Сергей бросил тряпку на пол, выжал прямо на розочки умывальника. Еще раз, еще…
Уйдет он когда-нибудь?
Он оглянулся. Профессор так и стоял на пороге. Сергей видел лишь его ноги в больших мокрых ботинках. Размер сорок пятый — сорок шестой. Вот уж действительно слон.
Сергей еще несколько раз проделал процедуру с отжиманием, варьируя про себя на разные лады слово «слон» и видя то умывальник, то профессорские ноги в огромных мокрых ботинках. Он успел досконально изучить эти ботинки с замысловатым рантом и с живописными соляными разводами, а воды оставалось еще порядочно.

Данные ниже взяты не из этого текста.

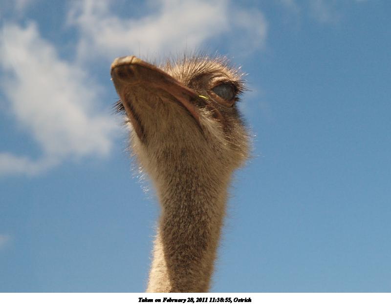 Picture #145: Ostrich #2 800x623, 141,495 bytes (139K), (html file) Copyright, Michael Meissner 2011, All rights reserved Olympus E-1 camera with Olympus 14-54mm f/2.8-3.5 lens f/8.0, ISO 800, 1/640 sec, 40.0mm, auto mode, SHQ, matrix metering, +2 contrast, +2 sharpening, continous focus 35mm equivalent focal length 80.0mm Programs used: raw therapee Taken by Michael Meissner on February 28, 2011 10:50:52 Last modified on April 04, 2011 at 00:06 |
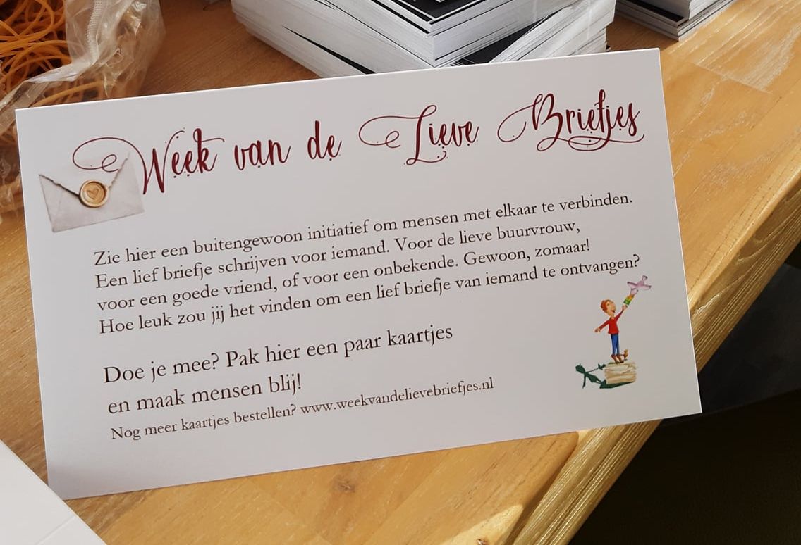 Komende week is het weer de Week van de Lieve Briefjes, de week om iedereen op te roepen iets liefs tegen elkaar te zeggen. Dat kan een lieve buurvrouw, een goede vriend, of zomaar iemand zijn.
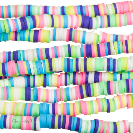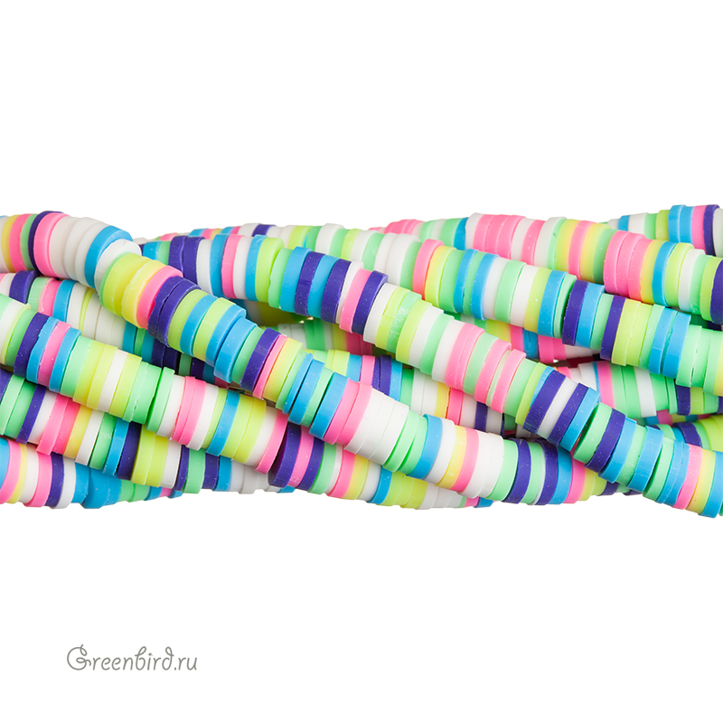 Легкие и гибкие цветные бусины в форме дисков. Материал: резина (каучук). Цвет: фестиваль, микс зеленого, розового, белого, желтого, фиолетового и голубого. Диаметр: 5,6-6,05 мм, толщина: 0,8-1,1 мм, отверстие примерно 1,8 мм. Размеры могут незначительно отличаться. Производство: Китай. Цена указана за нить 40 см (примерно 350 штук).

И чего он в ботинках по дому ходит? В халате и в ботинках, и халате и ботинках… Говорит, заработался, а сам недавно с улицы. Вон даже ботинки не обсохли. А зачем он соврал? Почему не вызвал слесаря сам? Какой-то ненормальный…
Профессор стоял огромный и величественный, как монумент.
«В конце концов, я не обязан тут полы мыть», — решил Сергей и, в последний раз отжав тряпку, швырнул ее в угол.
Лужа исчезла, но пол был еще сырой.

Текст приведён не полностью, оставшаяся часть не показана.